_Directions for this task_: Below are the records; return exactly the lines from the one with "We have recently" through the final line, both included, minus any pictures.

_Data under study_:
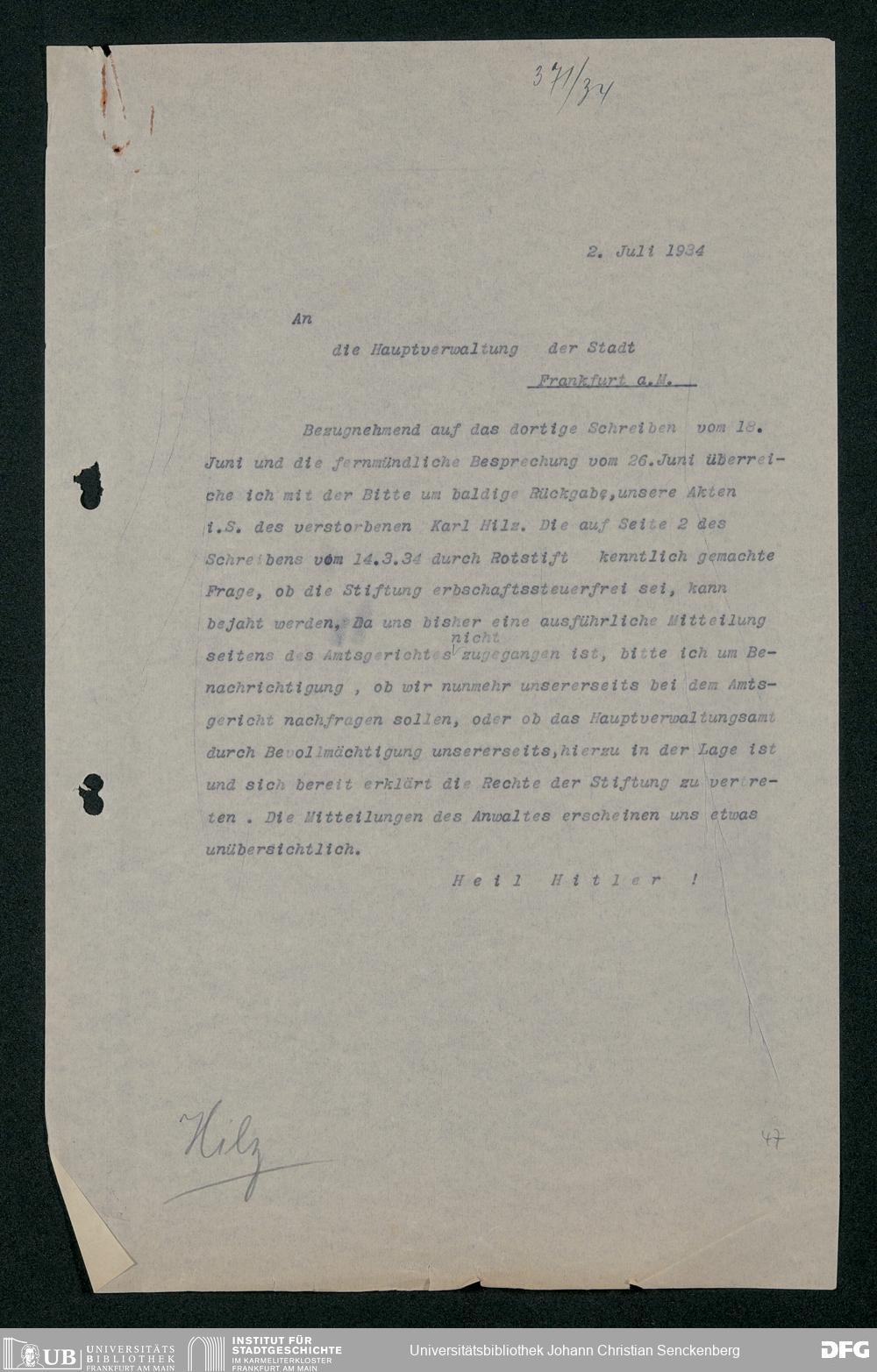 V48 Dr. Senckenbergische Stiftung, 317 - Nachlässe Hilz und Fritsch
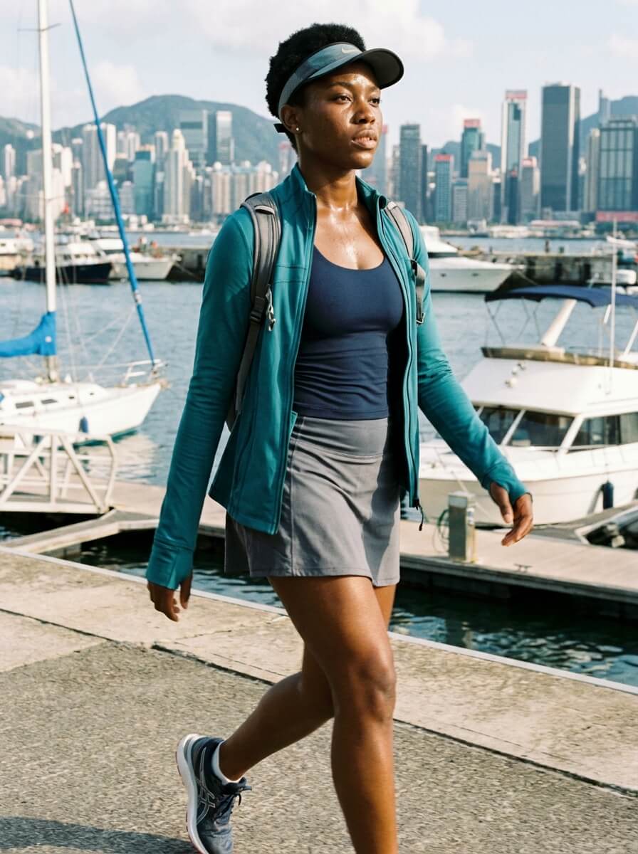 A zip-up athletic jacket over a fitted tank, paired with flowy tennis-style skort. Running shoes keep it functional, while a sleek backpack and visor add polish. One of the most wearable summer outfit ideas for active days.
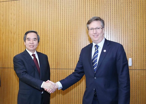 | Nguyên Van Binh, membre du Politburo et chef de la Commission économique du Comité central du PCV (gauche) a reçu à Hanoi le 5 mars, la délégation de l'USABC. |
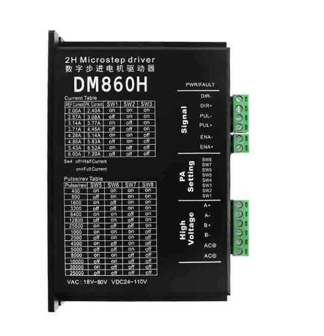 DM860H es un controlador de motores paso a paso de alta tensión, que funciona a través de tecnología DSP lo cual lo convierte en una solución rápida y versátil para el manejo de motores paso a paso, este controlador trae integrada tecnología anti-resonancia y control de corriente hasta 7.2 A, durante su funcionamiento la operación es suave precisa.
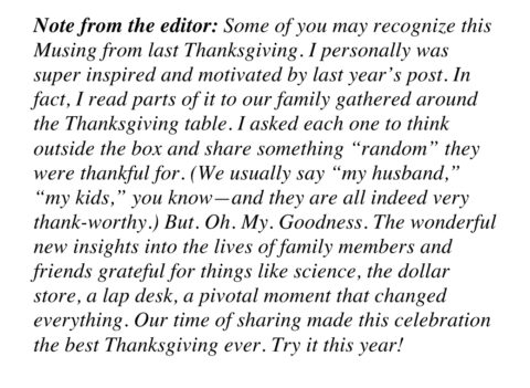 Robert Louis Stevenson wrote a tiny poem in a children’s book that I’ve never forgotten. As a little child, I read: “The world is so full of a number of things, I’m sure we should all be as happy as kings.” Now as an adult, I realize a flaw or two in that poem. For starters, I suspect kings are not nearly as happy as we think they ought to be. Always battling that pesky feeling that someone is after their crowns and then that whole business of running a country probably doesn’t very often lend itself to noticing a world “full of a number of things.” However, I remember thinking how right Stevenson was. Just look at the world and all that is in it! How much there is to be thankful for—including these weird but happy things that spring to mind:
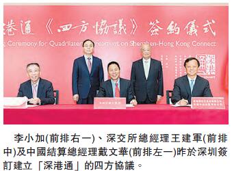 深港通《四方協議》昨日在深圳舉行簽約儀式。根據協議,深交所與聯交所以及中國結算與香港結算將分別平均分享因「深港通」產生的交易及結算費用,一如現時「滬港通」下各方分享收入的安排。聯交所及香港結算已經并將繼續在港交所網站刊發通告、資料文件及其他材料,為市場參與者及香港和海外投資者提供有關實施「深港通」的資料及指引。
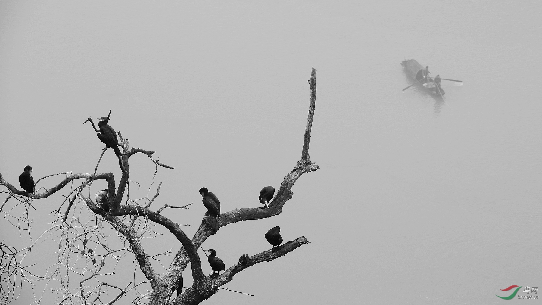 黑白意境片-枯树寒鸦,渔舟暮归
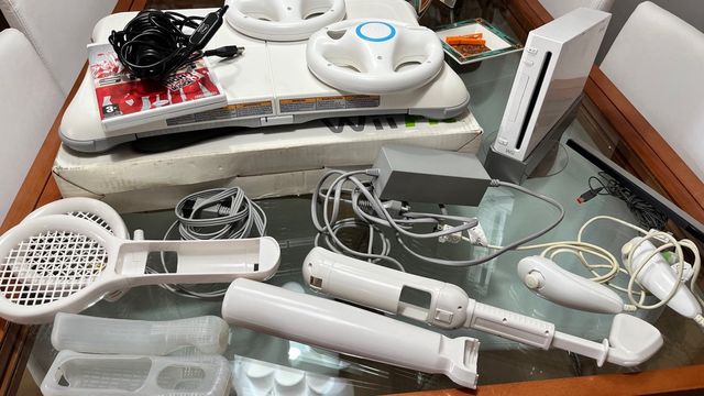 Detalles del productopack consola wii con muchos accesorios, fundas mandos, volantes , microfono, juego de cantar y la tabla wii fit.
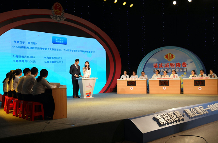 4月18日下午,由國家稅務總局梅州稅務局、梅江區(qū)稅務局聯(lián)合主辦,梅州市廣播電視臺承辦的2019年梅州市“減稅降費 惠企惠民”稅收知識競賽決賽在市電視臺演播中心正式舉行。
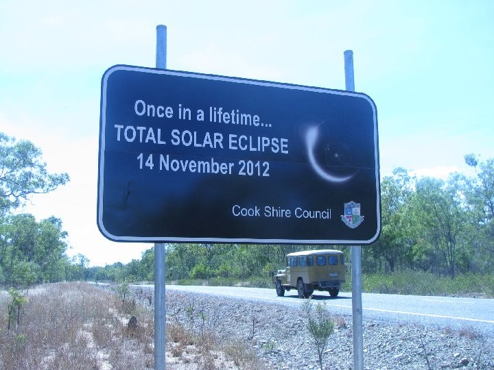 We have recently returned from Cooktown (northern Queensland) and saw an unusual sign about the 'Solar Eclipse' due to take place on 14 November 2012. The highway sign is located mid-way between Lakeland and Mt Molloy.
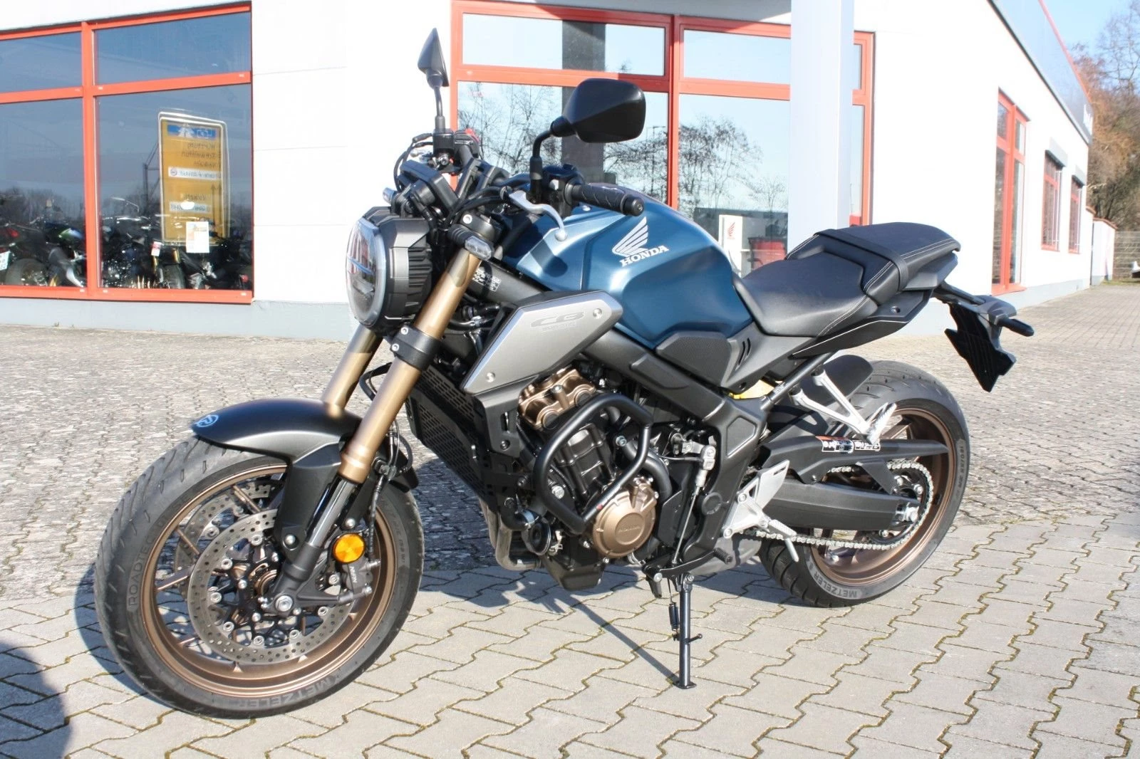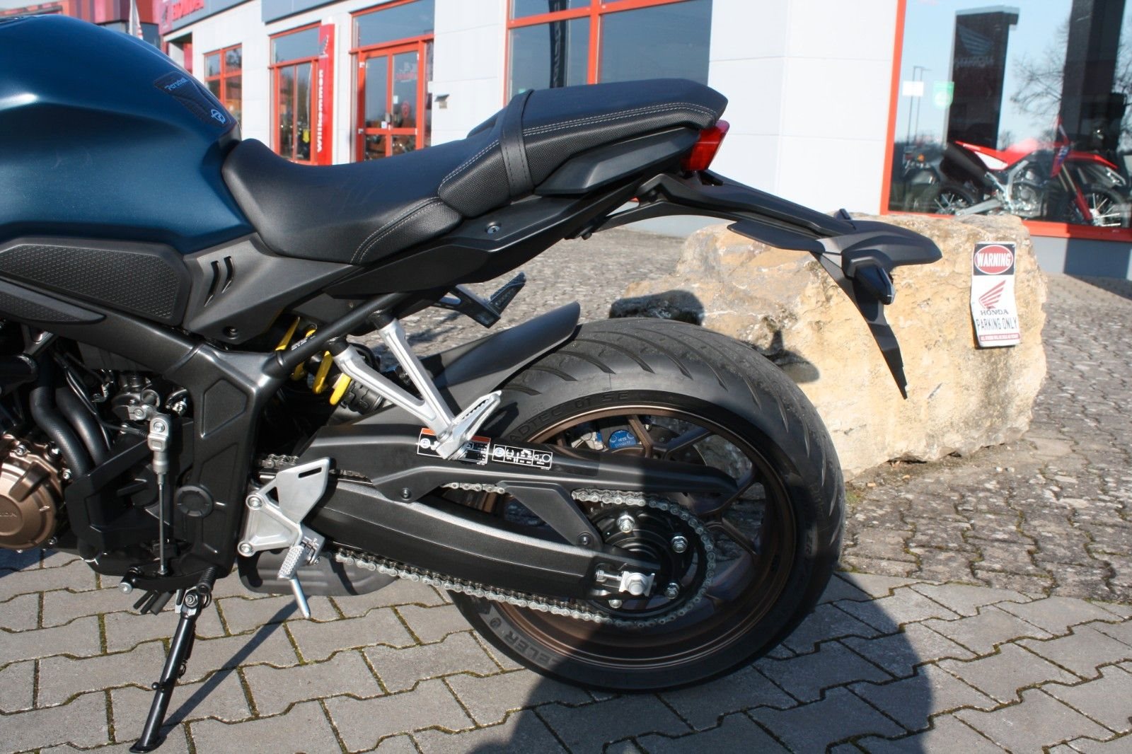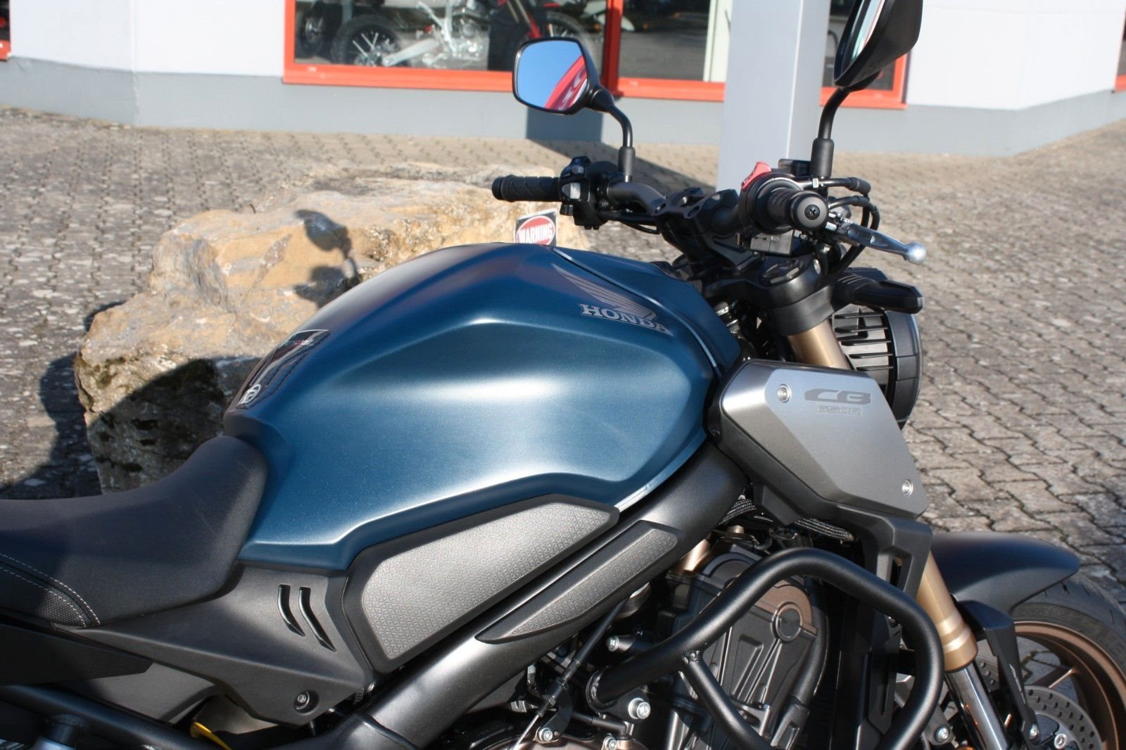 Elegantes Naked Bike in Matt Jeans Blue Metallic - die Honda CB650R aus erster Hand. Das Motorrad wurde von Beginn an in unserer Werkstatt scheckheftgepflegt und stammt direkt aus unserer Neuauslieferung an den Vorbesitzer, sodass wir es praktisch von Anfang an kennen.

_Solution for this exercise_:
 We have recently returned from Cooktown (northern Queensland) and saw an unusual sign about the 'Solar Eclipse' due to take place on 14 November 2012. The highway sign is located mid-way between Lakeland and Mt Molloy.
 Elegantes Naked Bike in Matt Jeans Blue Metallic - die Honda CB650R aus erster Hand. Das Motorrad wurde von Beginn an in unserer Werkstatt scheckheftgepflegt und stammt direkt aus unserer Neuauslieferung an den Vorbesitzer, sodass wir es praktisch von Anfang an kennen.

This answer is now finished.